Clear Creek Amana’s Bormann Comfortable on the Soccer Field Where her Play Speaks Volumes
By Ryan Murken
Your Prep Sports
TIFFIN – Depending on who you ask, Hannah Bormann is a person of few words.
By her own admission, Bormann is timid and reserved, only truly comfortable around her closest friends.
A self-described introvert, the Clear Creek Amana senior isn’t much for striking up a conversation with a stranger or for idle chit-chat with distant acquaintances.
“I’m timid and I get intimidated easily and that affects how much I talk,” Bormann explained.
For Bormann, talking is about getting comfortable.
Family members and close friends see a different side of the normally soft-spoken Bormann.
“I’m normally the one who will sit there and then when I feel comfortable I’ll talk but if you ask my mom she’d say that I never shut up and I just like to hear my own voice,” Bormann said with a smile. “I feel like you have to get to know me and I have to be comfortable before I open up.”
One place where Bormann has always felt comfortable is inside the lines of a soccer field.
As quiet as she can appear off the field, Bormann is a natural leader on it.
A four-year starter and current captain, Bormann has no trouble speaking her mind between the white lines.
“She doesn’t act shy at all on the field, she is such a good player and everyone just surrounds her as a leader because she has done so much for us,” Clear Creek Amana senior goal keeper Sarah Johnson said. “She does talk a lot out there.

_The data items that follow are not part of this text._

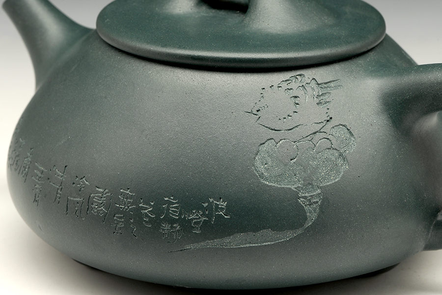 造型簡(jiǎn)練,古樸大方,剛中有勁。流把鈕均為暗接手法,與壺身宛若一體,可見(jiàn)功力。橋鈕搭接在平蓋之上,直流嘴,三角把拐角處略微圓潤(rùn);壺身較為飽滿(mǎn),乳足圓潤(rùn),略見(jiàn)憨態(tài),透露幾分柔美,文人氣息頗濃。
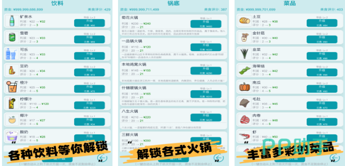 聚焦川渝火锅文化内核,提供毛肚、黄喉、鸭肠等数十种真实食材图鉴。玩家需平衡锅底辣度、蘸碟配方与涮煮时长,应对“微辣免蒜”“鸳鸯锅双汤底”等精细化需求。加入“夜市档口”“冬至围炉”等节气主题活动,增强经营叙事厚度。
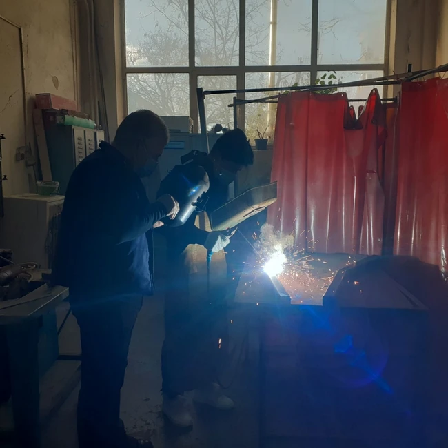 Sunt elevi din patru grupe, care se rânduiesc pentru fiecare operaţiune în parte. Mai mulţi băieţi se înghesuie să sudeze, ceea ce pare una dintre operaţiunile cele mai râvnite.
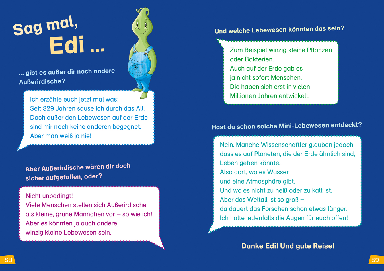 Die unendliche Größe des Universums lässt sich beim Blick zu den Sternen nur erahnen - gerade das hat bereits auf Kinder eine faszinierende Wirkung. Welche Planeten gibt es in unserem Sonnensystem? Wie ist das Weltall aufgebaut? Und was muss ein Astronaut können? Durch das Buch führt Edi, der Außerirdische, in seinem Ufo. Die große Fibelschrift und das klare Layout sind speziell für Leseeinsteiger konzipiert, im Vordergrund stehen die Übersichtlichkeit und Lesbarkeit der Texte. Alles verstanden, Neues gelernt? Das Lesequiz gibt Antwort.
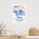 Ahoy, det är ett välkomsttecken för sjöbabyduschen som poster en mall med valar, liten fisk, en båt, ett havstema.
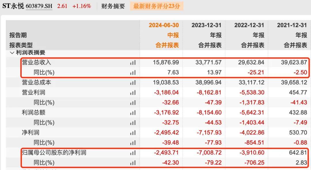 最近兩年ST永悦都處於虧損狀態,且虧損規模還在擴大。2024年上半年,公司仍未扭虧為盈,實現營業收入1.59億元,歸母淨利潤-2493.71萬元。
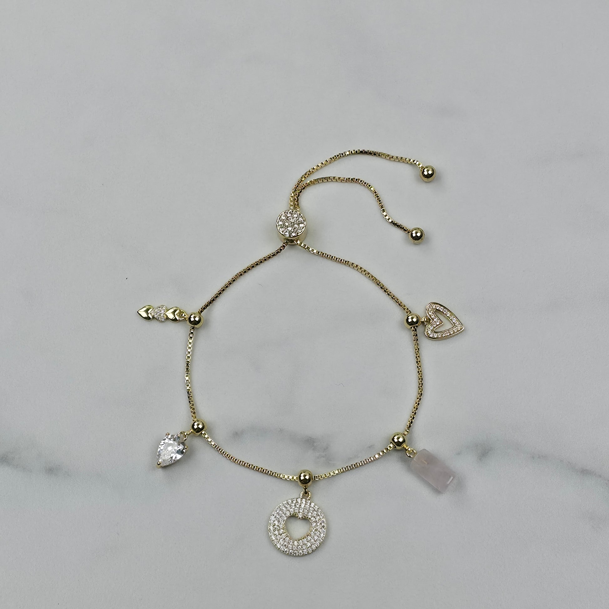 Waarom jij dit gaat waarderen: • Luxe mix van hart-, geometrische en strass-hangers • Goudkleurige afwerking met fonkelende details • Verstelbaar schuifslot voor een perfecte pasvorm • Tijdloos en elegant design — ideaal om solo te dragen of te combineren • Subtiele glans die elke outfit naar een hoger niveau tilt
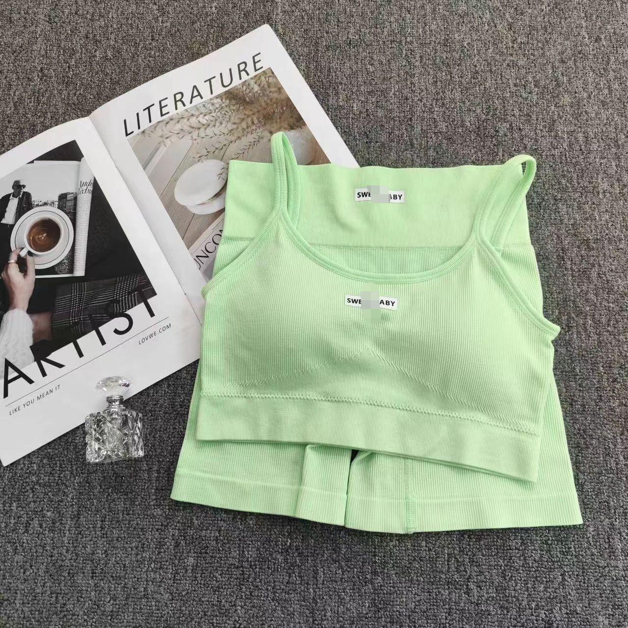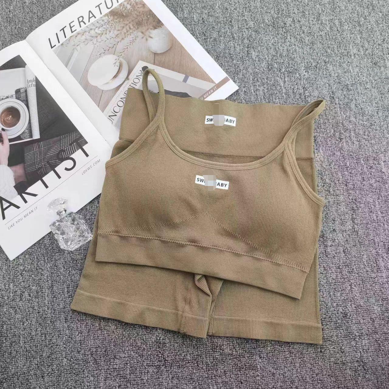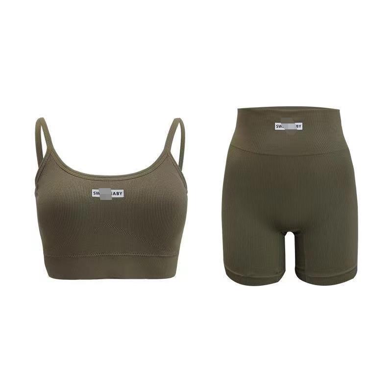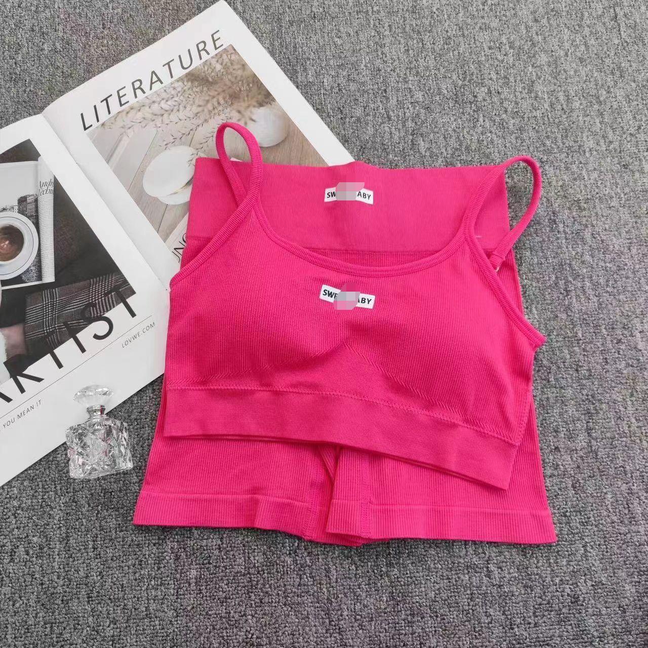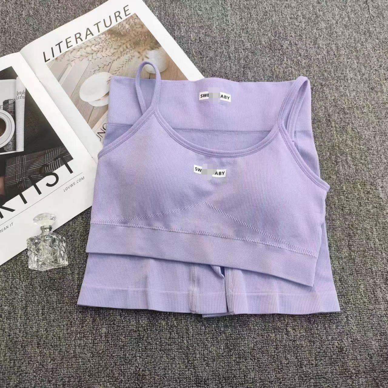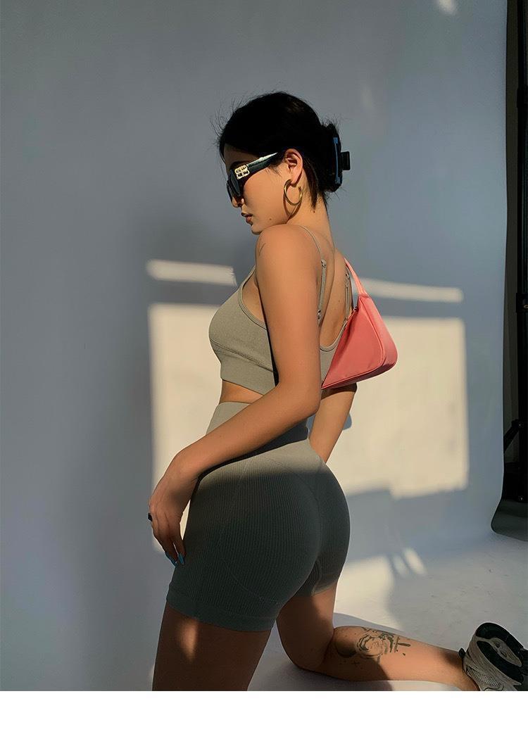 Nuevo Traje de Yoga Melocotón de Cintura Alta Europeo y Americano para Mujer Sujetador Deportivo de Espalda Descubierta Traje de Fitness Ropa Deportiva de Alta Elasticidad
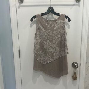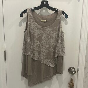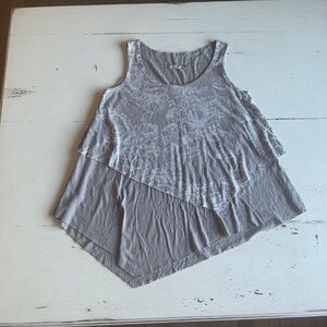 Chalet Sleeveless Asymmetric Hem burnout overlay Tank Top Gray Cotton Blend XS
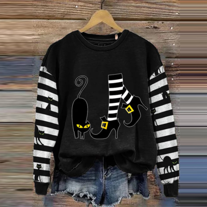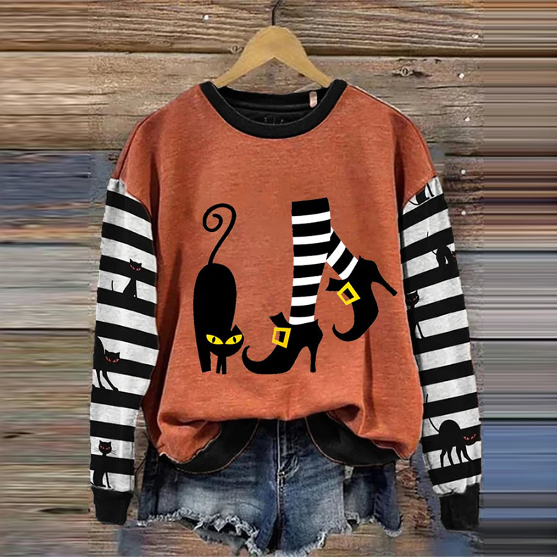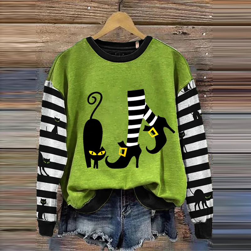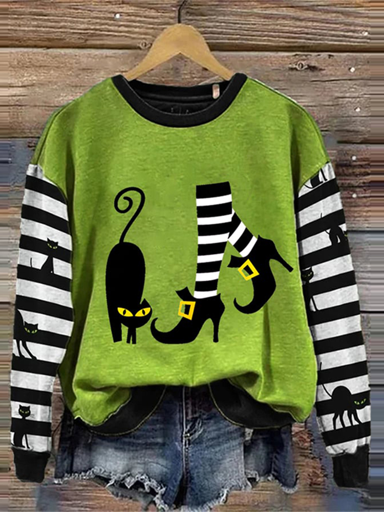 Women's Witch And Cat Print Crew Neck Sweatshirt

She really leads the team in talking and communicating and making sure that everyone knows what is going on. She is just shy with people she doesn’t know.”

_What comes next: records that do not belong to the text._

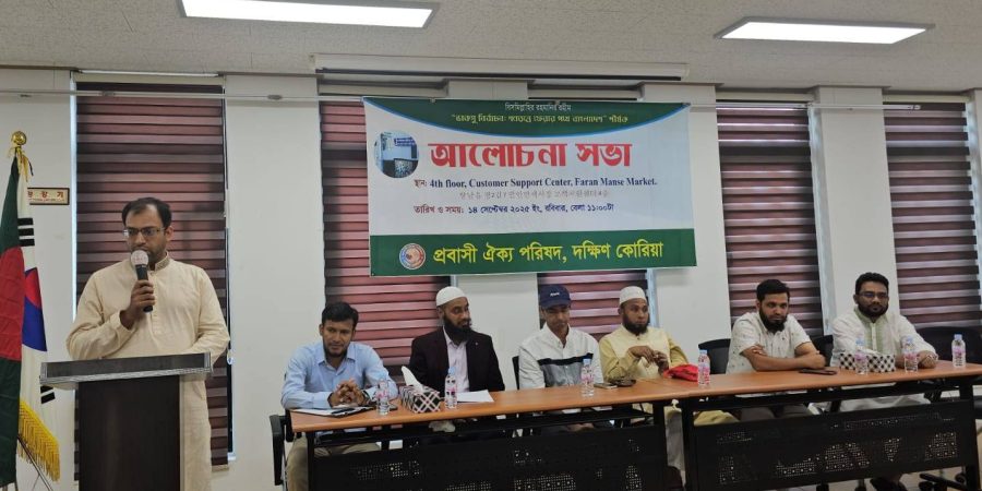 রোববার (১৪ সেপ্টেম্বর) সকাল ১১টায় দক্ষিণ কোরিয়ার হোয়াসং সিটির ফারান মানসে মার্কেটের কাস্টমার সাপোর্ট সেন্টারে ৪র্থ তলায় প্রবাসী ঐক্য পরিষদ, দক্ষিণ কোরিয়ার উদ্যোগে এ আলোচনা সভা অনুষ্ঠিত হয়।
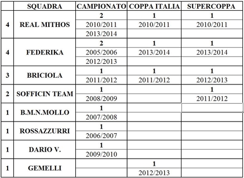 Siamo partiti con l'intento di mantenere la categoria boicottando play-off e 1'posto,ma la determinazione è stata tanta.In merito alle competizioni vogliamo una coppa di lega unica senza distinzioni di serie,è un'avvenimento importante la coppa Italia siamo andati fino in fondo ot...
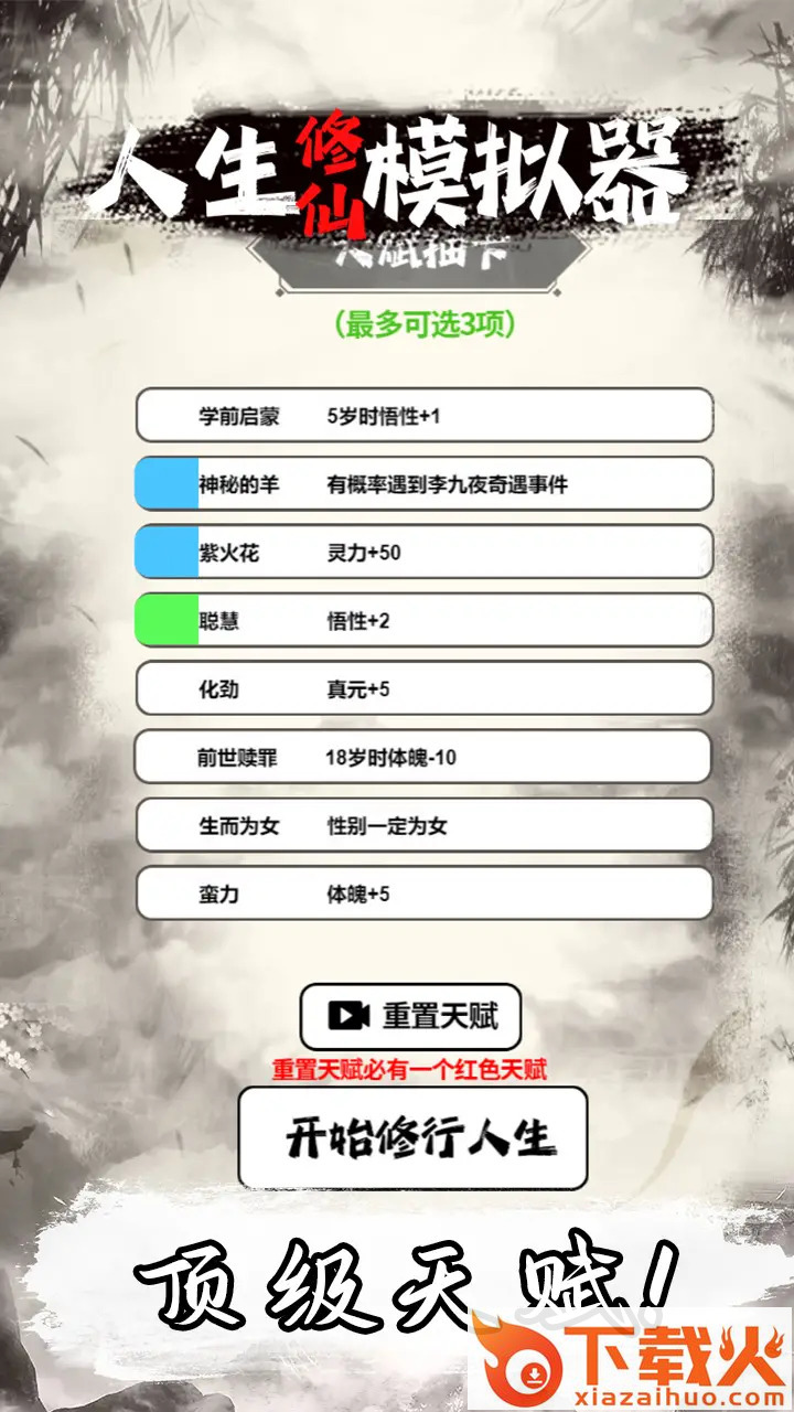 人生修仙模拟器游戏中修仙漫漫路途,可以自由随机选择天赋,洗资质,洗髓,打造你想要的修仙者,在修行中来感受天地变化,征服妖魔自然。
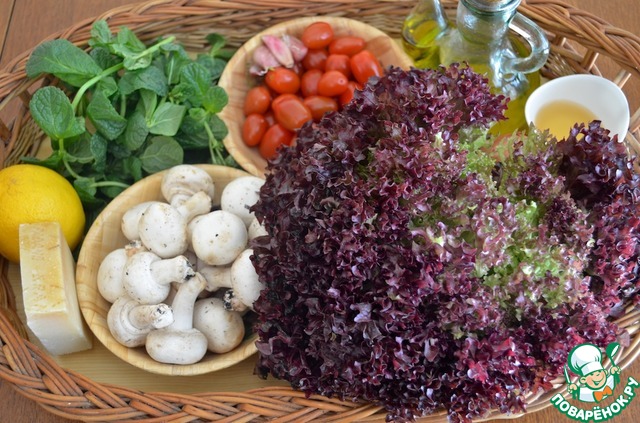 7. Разложить листья салата в тарелки, сверху выложить кольца лука, половинки помидоров и маринованные грибы. Посолить и поперчить по вкусу. Полить маринадом от грибов. Сверху посыпать небольшим количеством тертого сыра Пармезан и подавать.
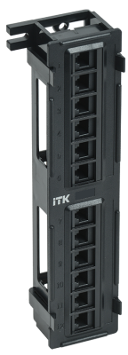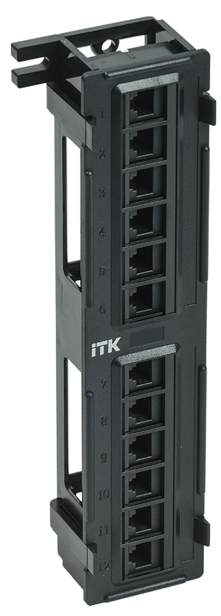 Компания ITK предлагает патч-панели для настенного монтажа и установки в 19” стойки, в исполнении UTP/FTP, с количеством портов 12, 24, 25, 48, 50, категорий 3 (телефонные), 5E, 6, 6A — как в экранированном, так и неэкранированном исполнении.

Over the past three years her play has spoken louder than any word Bormann has uttered.
A three-time first-team all-state selection Bormann has helped lead a soccer resurgence at Clear Creek Amana.

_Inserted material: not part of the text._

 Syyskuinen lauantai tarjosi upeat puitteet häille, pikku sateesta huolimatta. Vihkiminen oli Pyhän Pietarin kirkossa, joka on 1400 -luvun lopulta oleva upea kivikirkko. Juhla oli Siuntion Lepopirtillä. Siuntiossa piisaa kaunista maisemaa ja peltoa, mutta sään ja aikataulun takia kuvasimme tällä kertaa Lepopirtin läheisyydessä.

The Clippers have amassed a 45-11 record the past three seasons, winning at least 14 matches each season and advancing to the regional title game twice.
At the thick of that success, leading by example as well as with her words has been Bormann.
“When I step on the field it’s easier for me to talk because I want to direct others and share knowledge,” Bormann said. “I want to do that because growing up playing soccer girls have always done that for me.”
Bormann started playing soccer shortly after learning to walk out of necessity while attempting to keep up with her older sisters.
By the time, Bormann got to high school she was a budding star but first had to conquer the nerves that came with her timid personality.
“I remember the first game we were on the bus to Mid-Prairie and my mom text me and I said ‘good luck, have fun play hard, I love you’ and I thought I was going to puke,” Bormann said. “As time went on it got better.”
Bormann had a pair of assists but didn’t score a goal in her first career match.
Since her scoreless debut, Bormann has scored a goal in 45 of her next 55 games and needs four goals to reach 100 for her career.
“She has matured definitely since her freshman year,” Clear Creek Amana coach Matt Harding said. “It’s been interesting to get to work with her for the last four years. This is the second group I have gotten to work with all four years and it’s been really cool to see that process.”
Over the last three years Bormann has become one of the most dangerous scoring threats and top players in the state.
The Drake signee has led Clear Creek Amana in scoring each of the past three seasons, ranking in the top 14 in the state in goals each year.
She has 31 matches with more than one goal and had had a goal or an assist in all but seven career games.
“She has played so much and she has had such great coaching on the club side of things that she just has a really good read of the game,” Harding said. “She can kind of see where she needs to go, where the ball is coming next, where the opponents are looking ahead to or if we are in possession where somebody is looking to make a run.”
Bormann followed up a 30-goal, eight-assist debut season with 38 goals and 18 assists as a sophomore.
Her numbers dipped but Bormann was even better as a junior.
Despite drawing constant attention from defenders, Bormann scored 28 goals and had 11 assists last season.
A scary thought for opponents, Harding says Bormann is at her best leading into her senior season.
“There are some things that now even in year four that she is doing better,” Harding said. “With Hannah, I wasn’t really that clear on where there was a lot of room for improvement and there are some things that I am seeing out there already from her that I am excited to see in a game.”
An area where Bormann knows she has improved is her leadership.
Once a nervous freshman, Bormann is now the unquestioned leader of one of the top teams in Class 2A.
Three years ago, Bormann was hesitant to speak up, now helping others is one of her favorite aspects of the sport.
“I feel like I’ve gotten more comfortable with helping others and teaching them what others have taught me and use my skills to help them grow and help myself grow,” Bormann said. “I think it’s easy for me to do that because I’m doing what I love to do and I just want others to feel that way about the sport and grow as players and people.
Clear Creek Amana went 14-6, falling to Newton 1-0 in the 2A regional title game last season.
The goal for Bormann and the Clippers this season is a trip to the state tournament.
“That’s the goal,” Bormann said. “We have a lot of returners who have varsity time and we have some incoming freshman who will have an impact right away and Sarah back in the net will definitely help us.”